**DESCRIPTION OF THE TASK**
The line containing "This modern mini" marks the end; return exactly every line from the start of the records up to and including it, but no pictures.

-------- INPUT --------

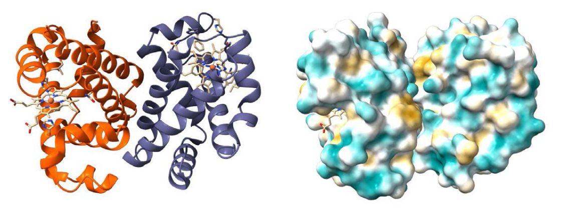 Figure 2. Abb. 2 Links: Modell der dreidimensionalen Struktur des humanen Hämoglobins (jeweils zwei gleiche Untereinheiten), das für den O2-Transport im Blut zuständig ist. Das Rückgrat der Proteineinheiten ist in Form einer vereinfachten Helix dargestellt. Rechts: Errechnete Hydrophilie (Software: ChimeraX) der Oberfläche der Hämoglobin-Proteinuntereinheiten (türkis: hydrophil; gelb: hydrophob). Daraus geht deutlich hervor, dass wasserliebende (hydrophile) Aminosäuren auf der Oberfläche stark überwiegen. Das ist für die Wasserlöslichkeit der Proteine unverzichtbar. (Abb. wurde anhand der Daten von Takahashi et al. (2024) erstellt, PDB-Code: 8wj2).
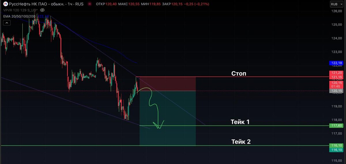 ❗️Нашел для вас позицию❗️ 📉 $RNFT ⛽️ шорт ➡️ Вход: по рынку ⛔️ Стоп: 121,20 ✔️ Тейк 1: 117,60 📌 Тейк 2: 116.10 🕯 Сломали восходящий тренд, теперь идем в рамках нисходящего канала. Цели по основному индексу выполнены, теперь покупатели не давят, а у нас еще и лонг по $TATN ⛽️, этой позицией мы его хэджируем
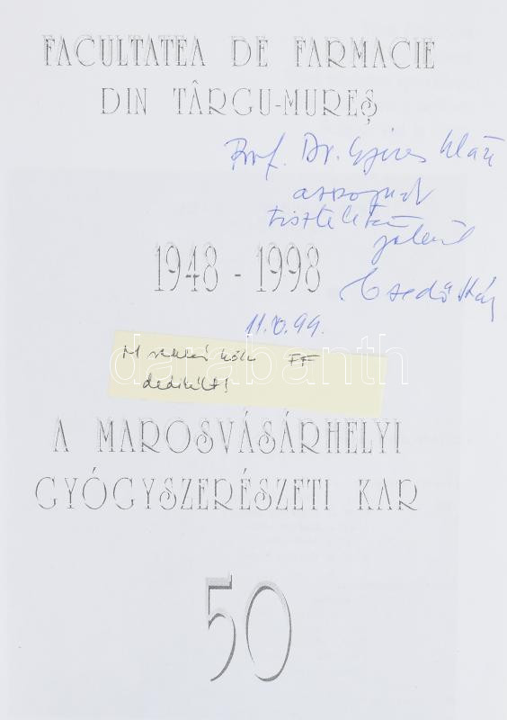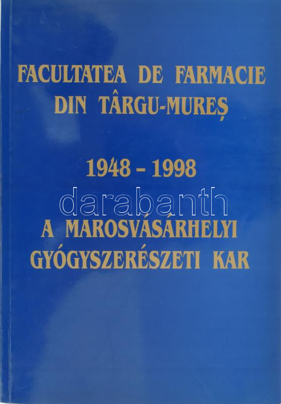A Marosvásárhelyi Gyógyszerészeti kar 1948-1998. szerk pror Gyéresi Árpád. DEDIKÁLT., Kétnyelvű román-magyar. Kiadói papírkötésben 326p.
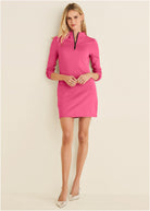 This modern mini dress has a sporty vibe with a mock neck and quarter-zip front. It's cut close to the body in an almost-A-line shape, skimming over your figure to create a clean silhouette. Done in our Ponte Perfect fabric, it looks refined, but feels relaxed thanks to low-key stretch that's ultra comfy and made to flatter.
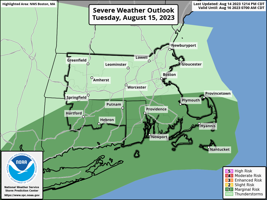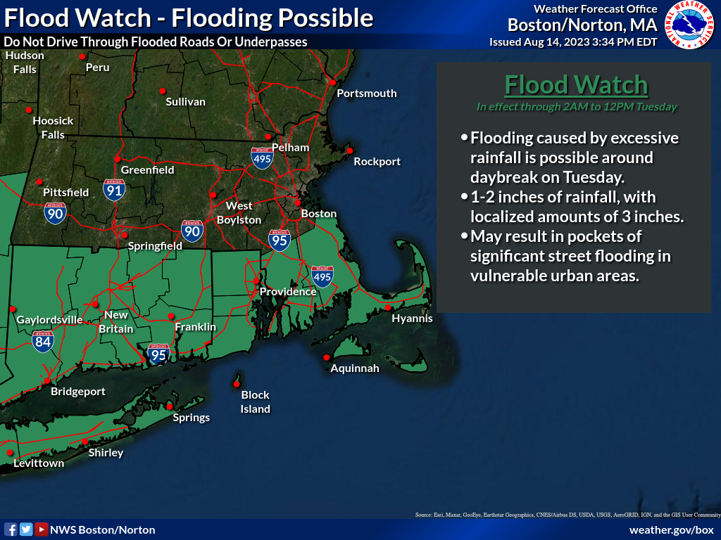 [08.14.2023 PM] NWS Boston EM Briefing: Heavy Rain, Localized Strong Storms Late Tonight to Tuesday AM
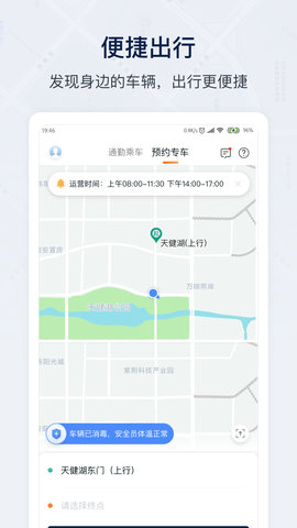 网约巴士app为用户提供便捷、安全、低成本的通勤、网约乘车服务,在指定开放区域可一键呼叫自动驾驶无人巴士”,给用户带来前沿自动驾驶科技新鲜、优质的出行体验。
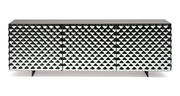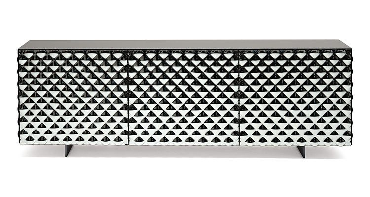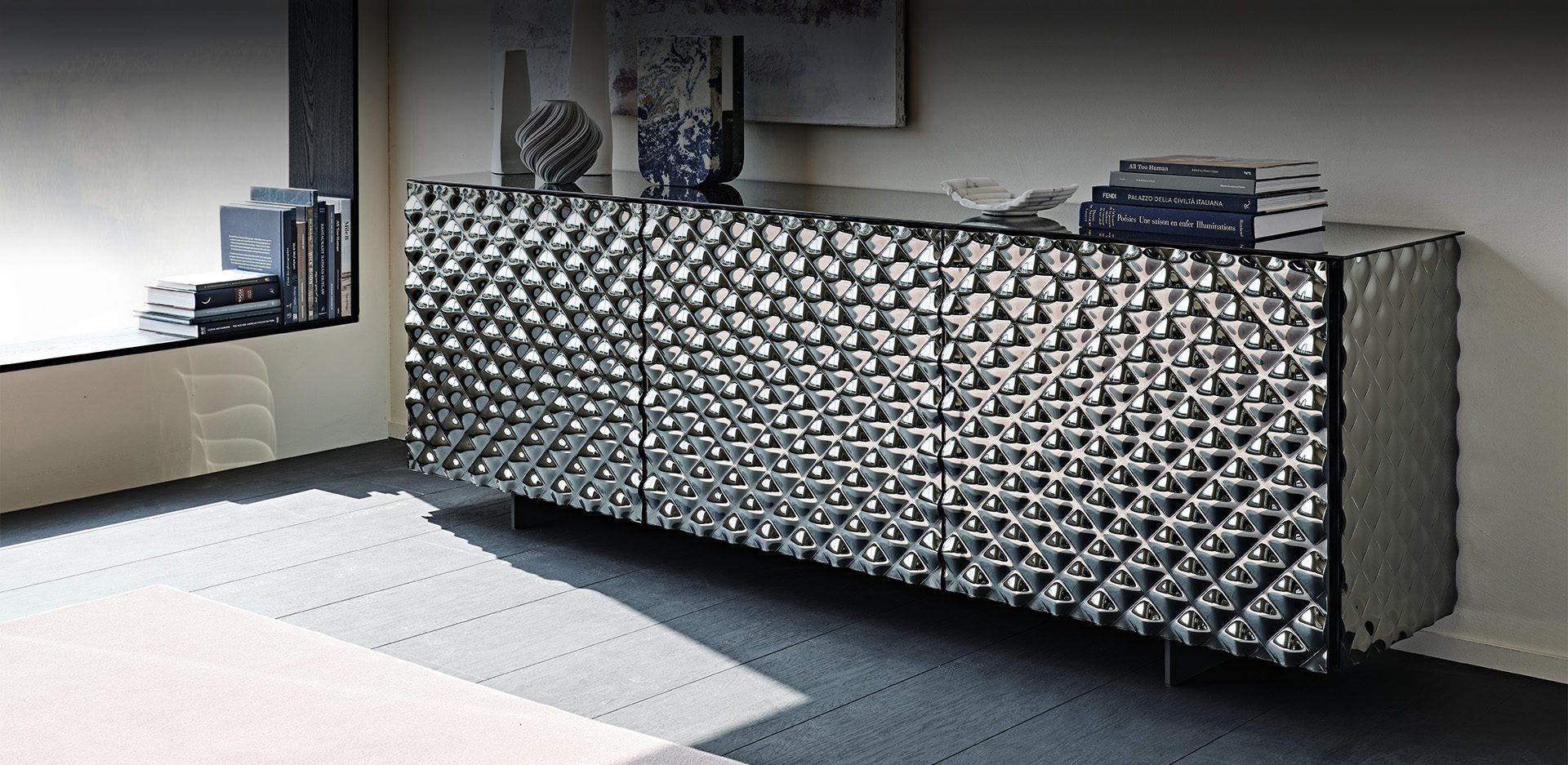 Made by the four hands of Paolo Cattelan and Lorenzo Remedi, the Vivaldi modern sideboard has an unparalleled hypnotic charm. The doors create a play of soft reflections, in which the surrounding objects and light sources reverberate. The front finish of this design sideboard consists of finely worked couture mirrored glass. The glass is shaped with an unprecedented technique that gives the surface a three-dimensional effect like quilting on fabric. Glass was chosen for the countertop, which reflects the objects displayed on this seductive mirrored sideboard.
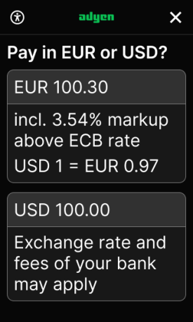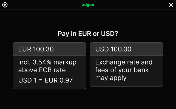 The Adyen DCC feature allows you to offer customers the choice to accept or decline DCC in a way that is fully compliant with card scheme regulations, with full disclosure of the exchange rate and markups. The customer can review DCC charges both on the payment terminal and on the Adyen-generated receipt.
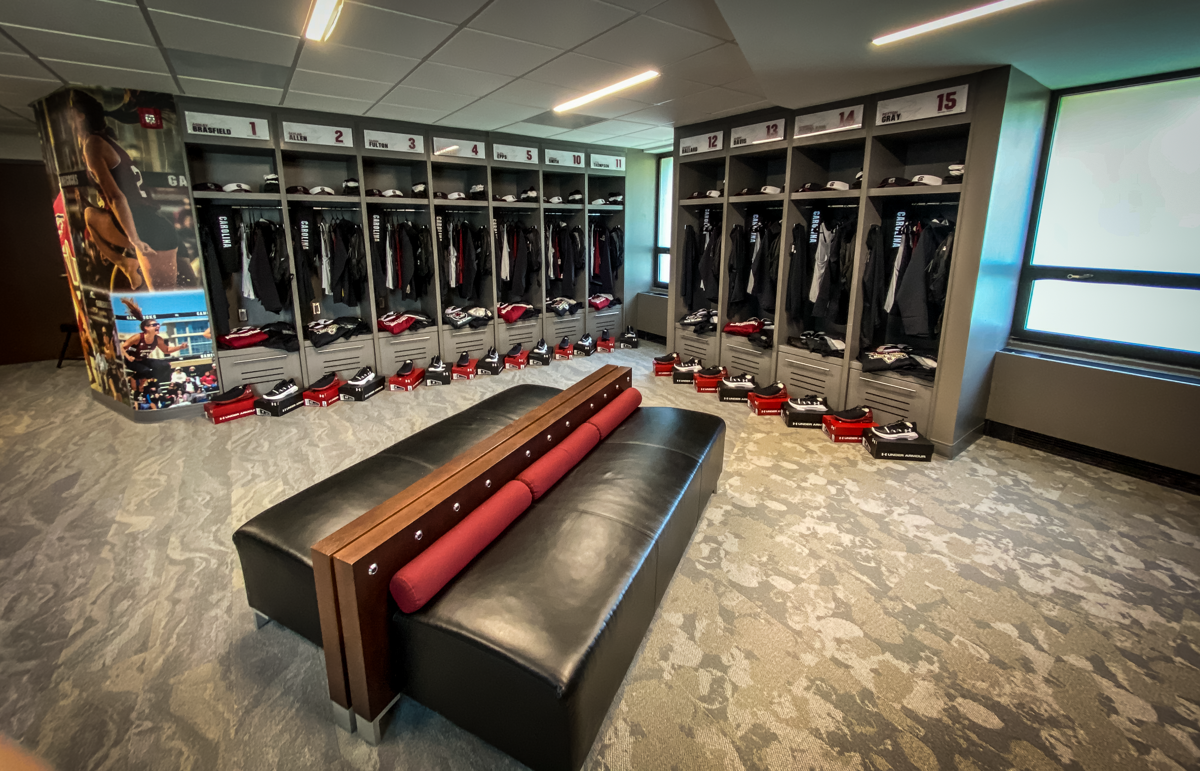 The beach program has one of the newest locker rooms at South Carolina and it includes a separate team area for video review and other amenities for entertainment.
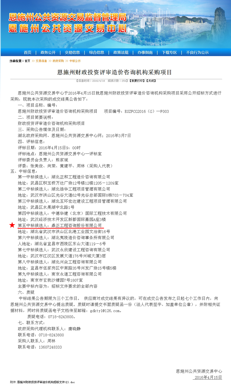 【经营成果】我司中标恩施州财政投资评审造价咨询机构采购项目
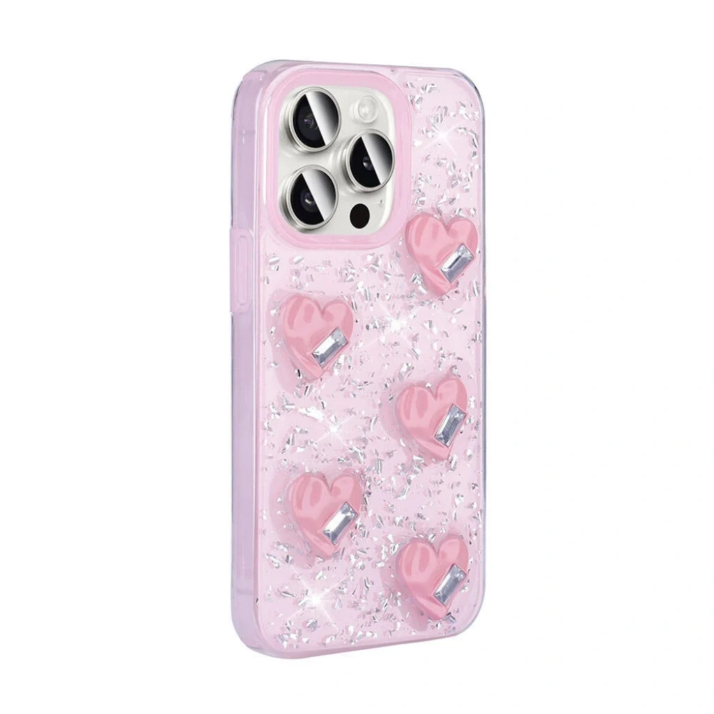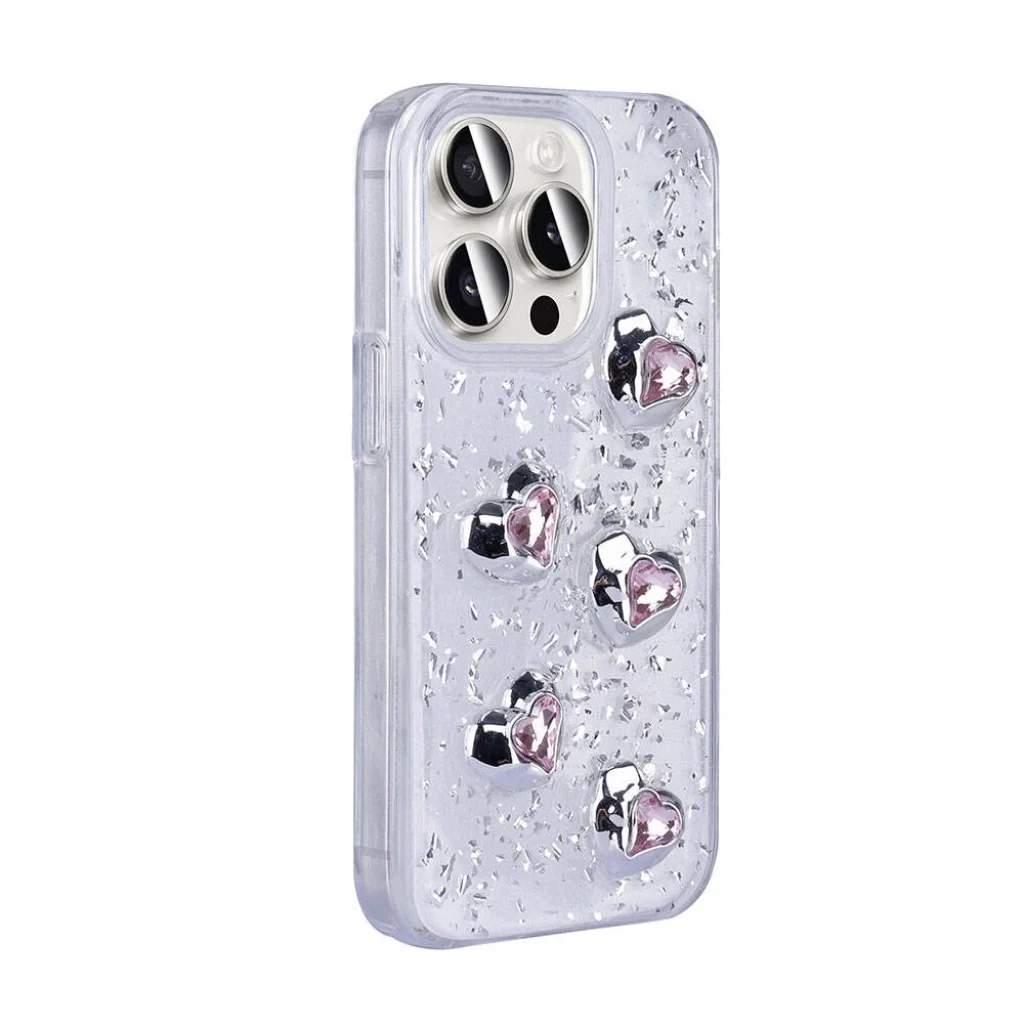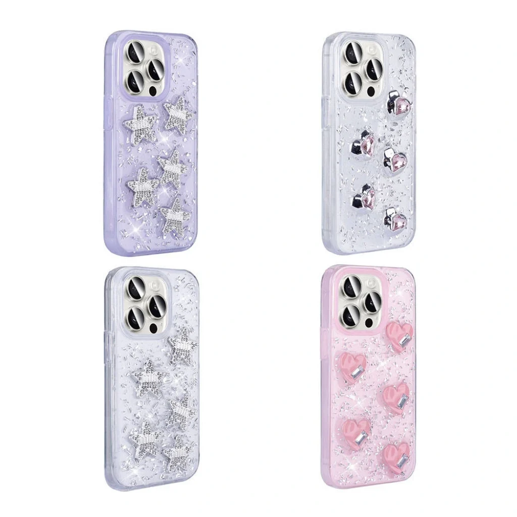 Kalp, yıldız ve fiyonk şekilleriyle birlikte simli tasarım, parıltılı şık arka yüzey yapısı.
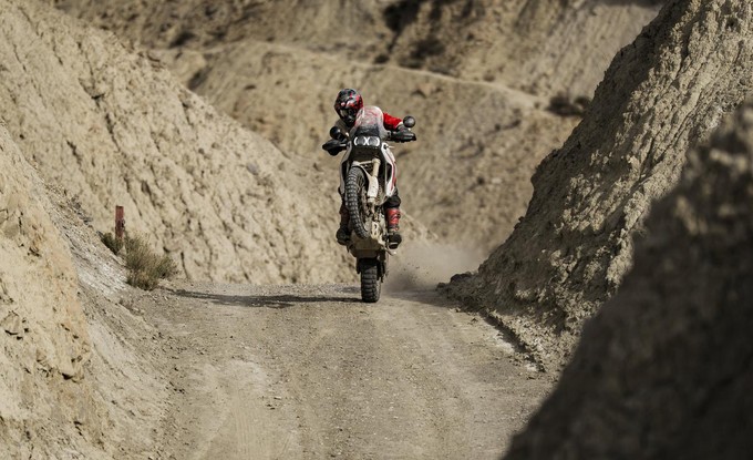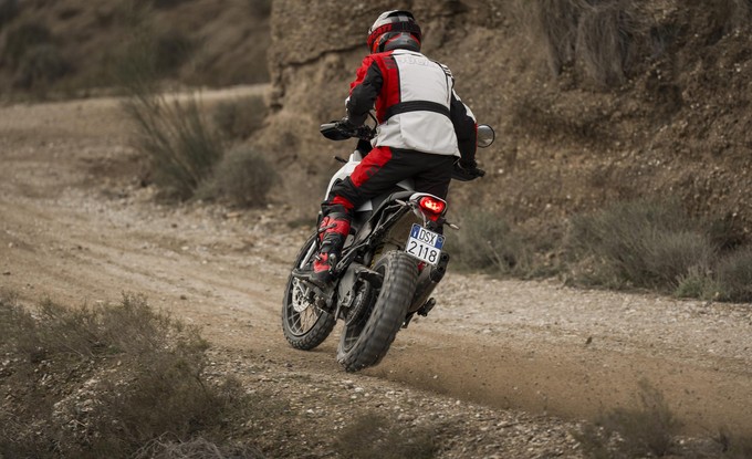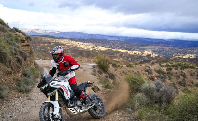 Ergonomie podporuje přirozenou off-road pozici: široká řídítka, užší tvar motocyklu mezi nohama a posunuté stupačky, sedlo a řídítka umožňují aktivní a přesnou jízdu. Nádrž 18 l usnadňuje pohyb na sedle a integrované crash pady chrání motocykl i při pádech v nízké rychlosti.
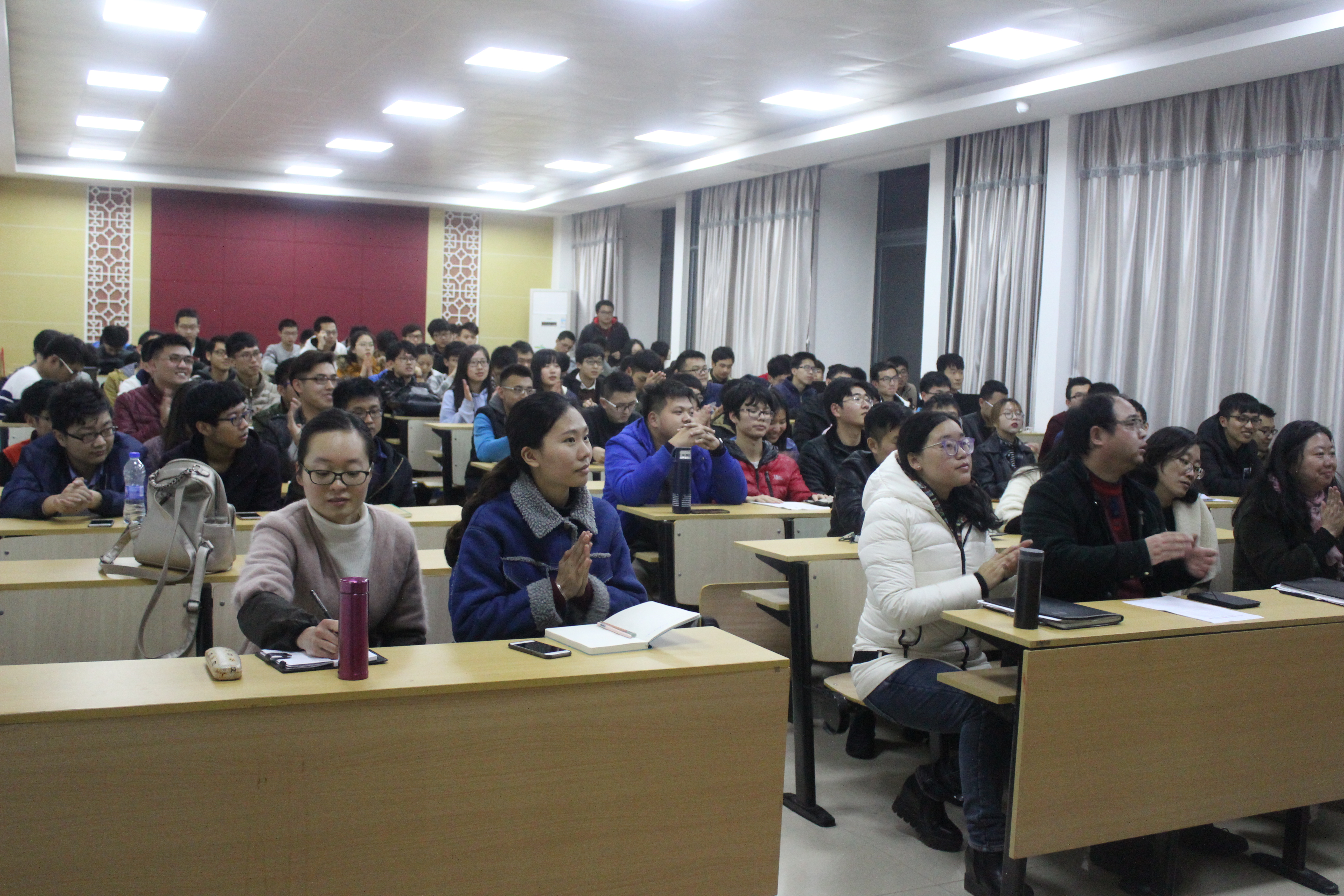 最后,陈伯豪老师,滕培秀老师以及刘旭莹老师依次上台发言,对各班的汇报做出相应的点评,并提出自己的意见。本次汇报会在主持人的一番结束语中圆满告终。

--------

**ANSWER BELOW**
 Figure 2. Abb. 2 Links: Modell der dreidimensionalen Struktur des humanen Hämoglobins (jeweils zwei gleiche Untereinheiten), das für den O2-Transport im Blut zuständig ist. Das Rückgrat der Proteineinheiten ist in Form einer vereinfachten Helix dargestellt. Rechts: Errechnete Hydrophilie (Software: ChimeraX) der Oberfläche der Hämoglobin-Proteinuntereinheiten (türkis: hydrophil; gelb: hydrophob). Daraus geht deutlich hervor, dass wasserliebende (hydrophile) Aminosäuren auf der Oberfläche stark überwiegen. Das ist für die Wasserlöslichkeit der Proteine unverzichtbar. (Abb. wurde anhand der Daten von Takahashi et al. (2024) erstellt, PDB-Code: 8wj2).
 ❗️Нашел для вас позицию❗️ 📉 $RNFT ⛽️ шорт ➡️ Вход: по рынку ⛔️ Стоп: 121,20 ✔️ Тейк 1: 117,60 📌 Тейк 2: 116.10 🕯 Сломали восходящий тренд, теперь идем в рамках нисходящего канала. Цели по основному индексу выполнены, теперь покупатели не давят, а у нас еще и лонг по $TATN ⛽️, этой позицией мы его хэджируем
A Marosvásárhelyi Gyógyszerészeti kar 1948-1998. szerk pror Gyéresi Árpád. DEDIKÁLT., Kétnyelvű román-magyar. Kiadói papírkötésben 326p.
 This modern mini dress has a sporty vibe with a mock neck and quarter-zip front. It's cut close to the body in an almost-A-line shape, skimming over your figure to create a clean silhouette. Done in our Ponte Perfect fabric, it looks refined, but feels relaxed thanks to low-key stretch that's ultra comfy and made to flatter.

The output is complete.